→ Exercise:
Include in the reply only the lines from the start of the data below through the line containing "Voltaren Forte -geeliä", reproduced exactly and with no pictures.

→ Data:
--------

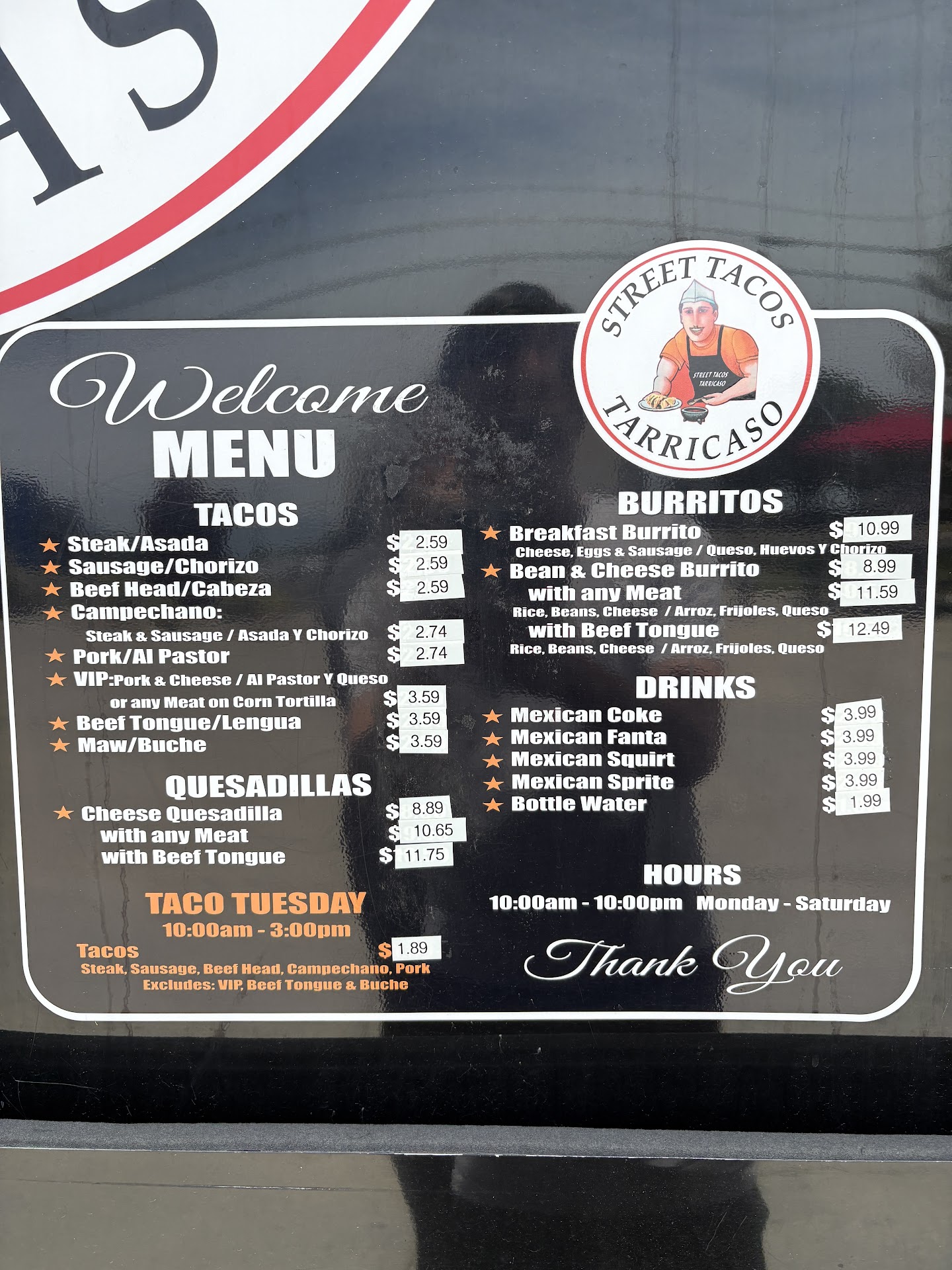 About $2 each for the street tacos, and $8 for the quesadilla. Imported Mexican sodas as well, Coke, Squirt,...
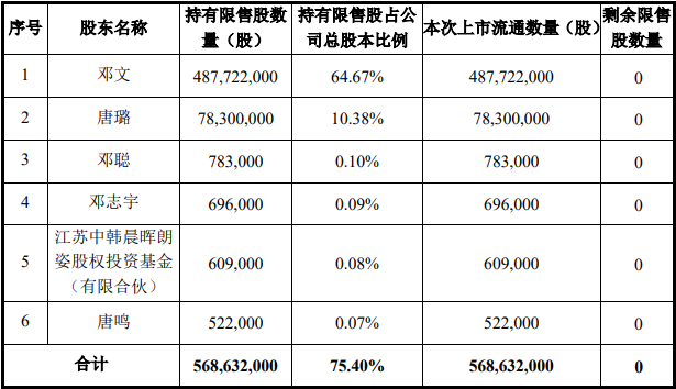 天味食品上市已有三年时间,此次解禁涉及股东共六位,包括邓文、康璐、邓聪、邓志宇、唐鸣及江苏中韩晨晖朗姿股权投资基金(有限合伙)。邓文、康璐为实控人夫妇,亦是公司董事长及副董事长,此次解禁超99%部分集中在二人之手,其余自然人为实控人亲属。
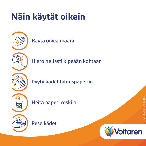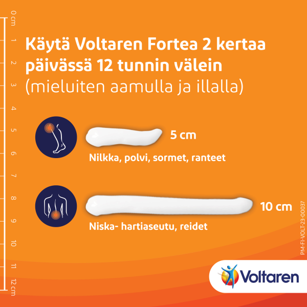 Voltaren Forte -geeliä hierotaan kipeytyneelle alueelle kevyesti 2 kertaa päivässä 12 tunnin välein (mieluiten aamulla ja illalla)
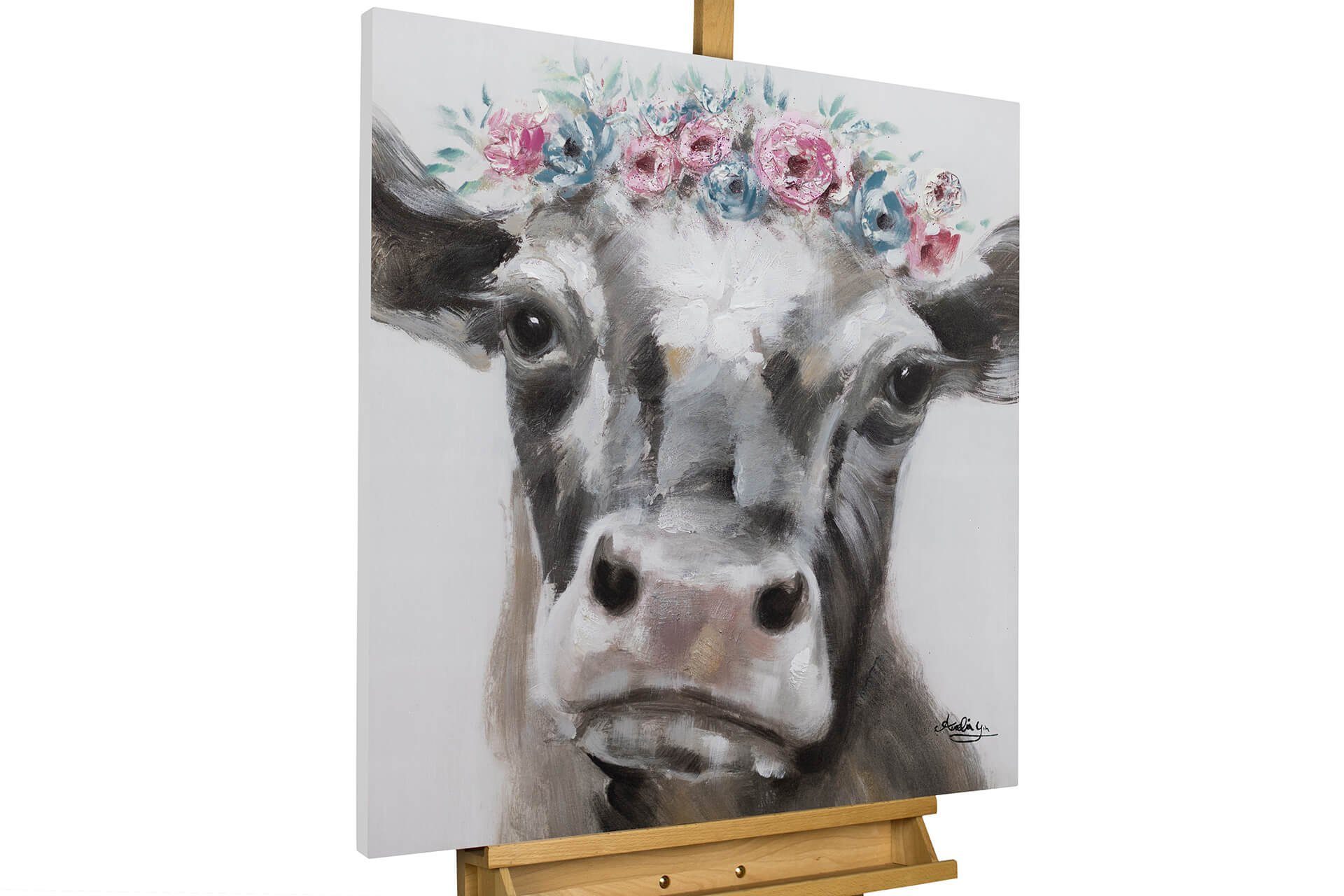 Auf dem mit Mixed-Media-Elementen und Glitter verzierten Acrylgemälde 'Love, Peace & Muh' streckt Ihnen eine Kuh mit rosa Blumen auf dem Kopf ihre Schnauze entgegen. Die treuen Augen in Braun zeigen die Gutmütigkeit des Tiers und erfüllen Ihr Wohnzimmer mit Geborgenheit. Schmücken Sie Ihr Zuhause mit einem handgemalten Bild der besonderen Art.

--------

→ Exercise result:
 About $2 each for the street tacos, and $8 for the quesadilla. Imported Mexican sodas as well, Coke, Squirt,...
 天味食品上市已有三年时间,此次解禁涉及股东共六位,包括邓文、康璐、邓聪、邓志宇、唐鸣及江苏中韩晨晖朗姿股权投资基金(有限合伙)。邓文、康璐为实控人夫妇,亦是公司董事长及副董事长,此次解禁超99%部分集中在二人之手,其余自然人为实控人亲属。
 Voltaren Forte -geeliä hierotaan kipeytyneelle alueelle kevyesti 2 kertaa päivässä 12 tunnin välein (mieluiten aamulla ja illalla)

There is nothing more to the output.